▸ **Problem description**: Every line from the opening of the records to the line with "A standardizált csapadékindex" should be restated exactly, with both ends included and the pictures left out.

[Exercise materials — start]

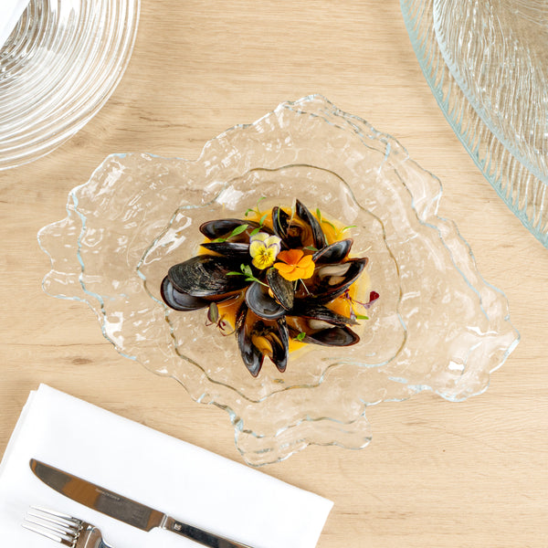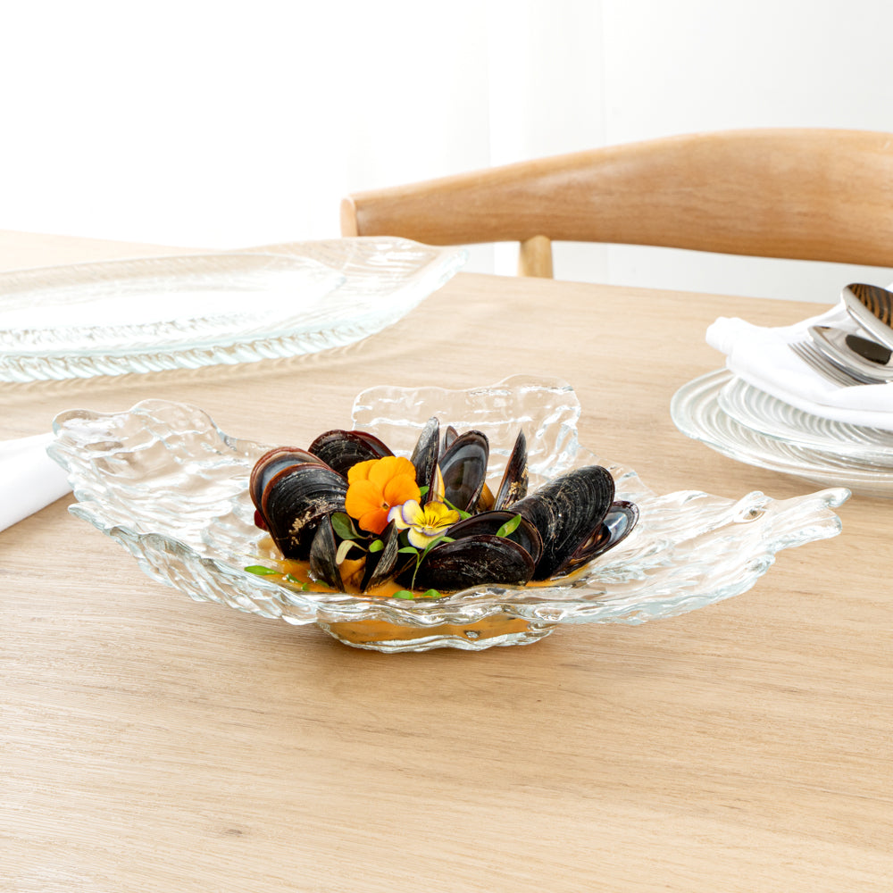 ABSTRACT CLEAR GLASS SEASHELL SERVING PLATE
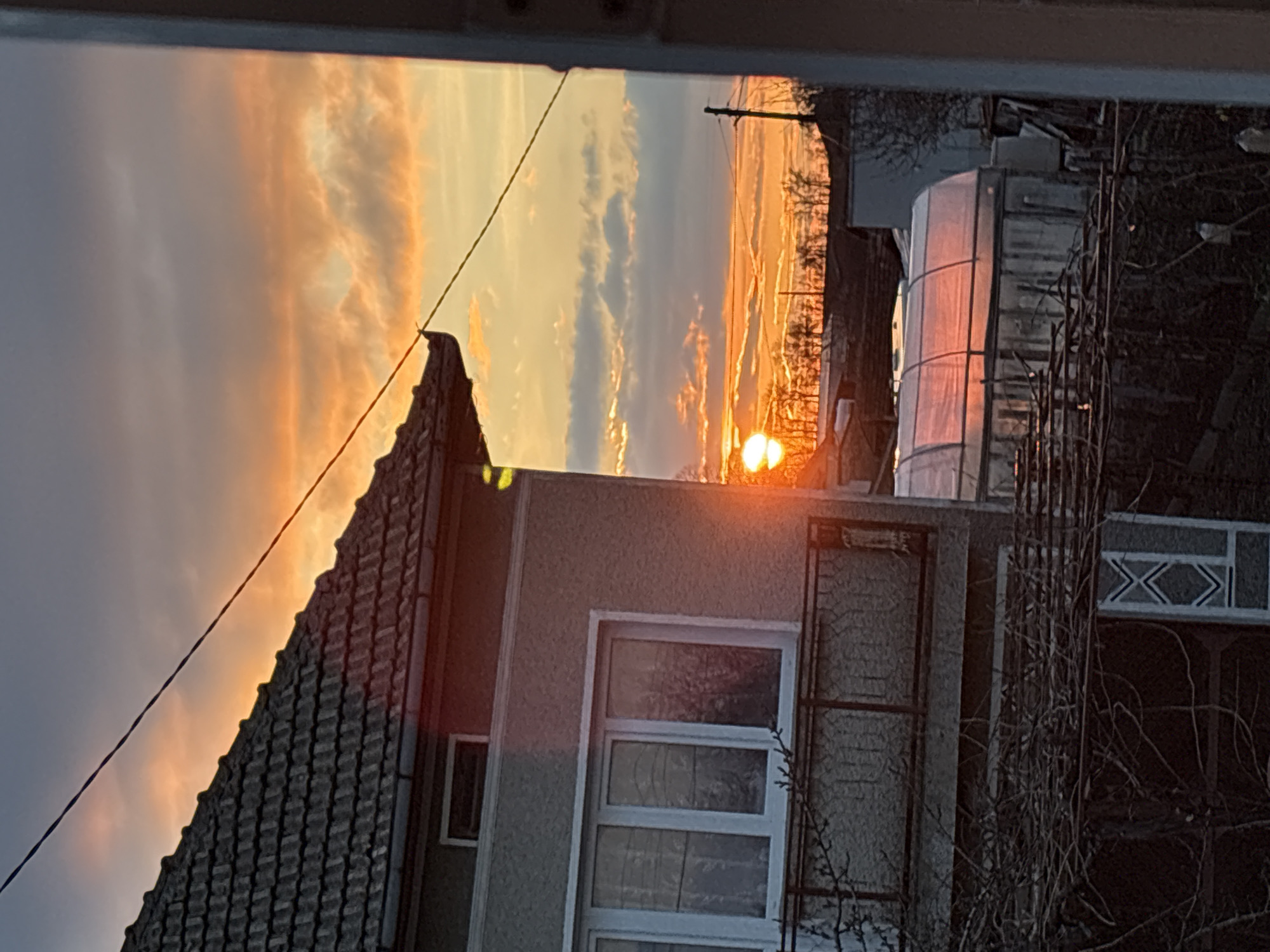 A sunset is viewed through a window frame in Stefan Karadja, Bulgaria. The lower portion of a building with a tiled roof is visible in the foreground. Adjacent to the building is a greenhouse structure, also illuminated by the setting sun. A wire extends diagonally across the frame.
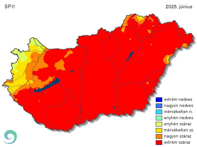 A standardizált csapadékindex (SPI) egyhavi értékeit 2025 júniusára mutatjuk be a 13. ábrán. A teljes ország valamely száraz kategóriába sorolható, túlnyomó része az extrém száraz kategóriába esik. Északnyugat-Magyarországon a határ felé haladva előbb a nagyon, majd a mérsékelten, végül az enyhén száraz kategória is feltűnik.
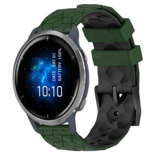 Banda de Reloj Garmin Venu 2 Silicona 22mm Dos Colores Patrón Fútbol (Verde Militar + Negro)
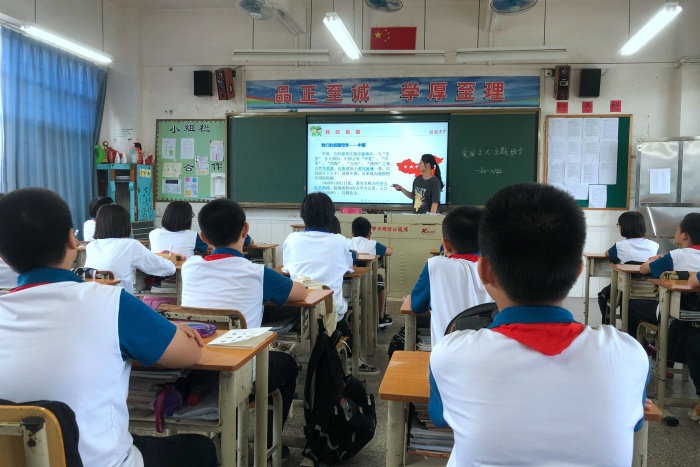 2020年9月28日上午第二節課,曹步初級中學初一(3)班開展了一節以“我和我的祖國”為主題的愛國主義班會活動。此次活動的目的是希望同學們要以作為一名中國人而自豪,謹記身上的責任,繼續弘揚愛國主義精神。
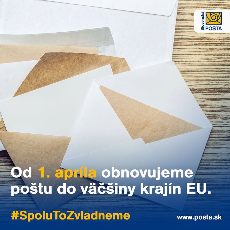 Sme preto veľmi radi, že od 1. apríla opäť zabezpečíme odosielanie pošty (listové zásielky, balíky a zásielky EMS) do väčšiny krajín Európskej únie, s výnimkou Cypru, Grécka, Írska, Malty a Španielska. Mimo krajín EU zatiaľ odosielame poštu len do Bieloruska, Kanady, USA, Srbska, Švajčiarska, Ukrajiny a Veľkej Británie.
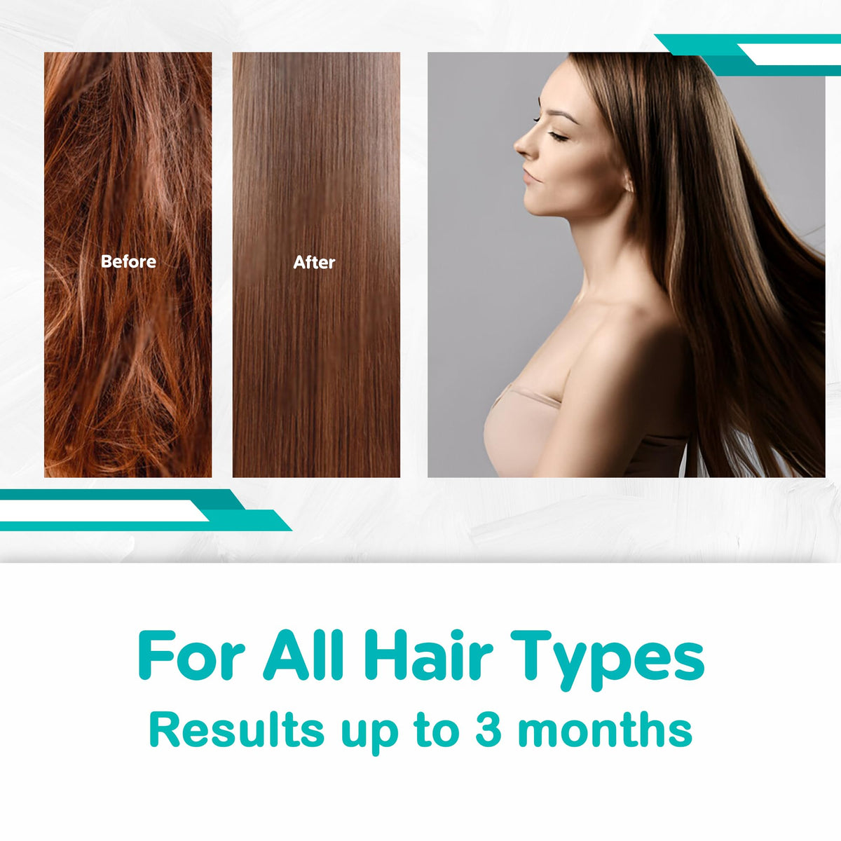 Directions :: 1. Wash your hair with the deep cleansing shampoo. Do not use any conditioner or mask. 2. Dry your hair at least 80% before applying the product. 3. Apply the product to the entire length, leaving a one-finger gap from the roots. 4. Leave it on for 60 to 90 mins. 5. Rinse all the product from the hair and dry it 100% with a hot dryer. 6. Finish by flat ironing each strand 15 to 20 times. *We recommend waiting up to 48 hrs before washing your hair again after the application process.
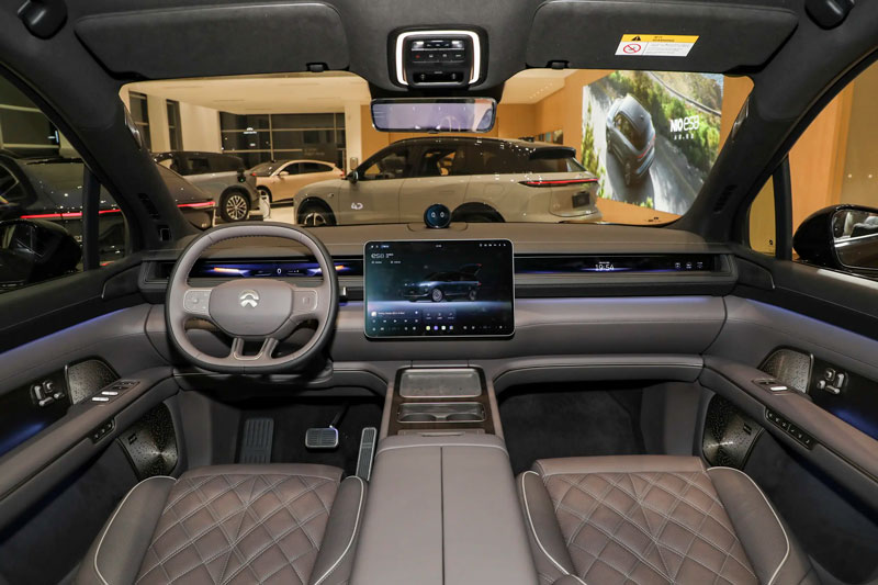 Khoang cabin của Nio ES8 2026 được đầu tư kỹ lưỡng với màn hình toàn cảnh Skyline, màn hình cảm ứng trung tâm đặt ngang, vô lăng ba chấu thế hệ mới và trợ lý ảo Nomi được nâng cấp. Các chi tiết gỗ thật, kim loại xước cùng đường chỉ thêu tinh xảo tới 120.000 mũi càng nhấn mạnh tính cao cấp.

[Exercise materials — finish]

▸ **Task result**:
 ABSTRACT CLEAR GLASS SEASHELL SERVING PLATE
 A sunset is viewed through a window frame in Stefan Karadja, Bulgaria. The lower portion of a building with a tiled roof is visible in the foreground. Adjacent to the building is a greenhouse structure, also illuminated by the setting sun. A wire extends diagonally across the frame.
 A standardizált csapadékindex (SPI) egyhavi értékeit 2025 júniusára mutatjuk be a 13. ábrán. A teljes ország valamely száraz kategóriába sorolható, túlnyomó része az extrém száraz kategóriába esik. Északnyugat-Magyarországon a határ felé haladva előbb a nagyon, majd a mérsékelten, végül az enyhén száraz kategória is feltűnik.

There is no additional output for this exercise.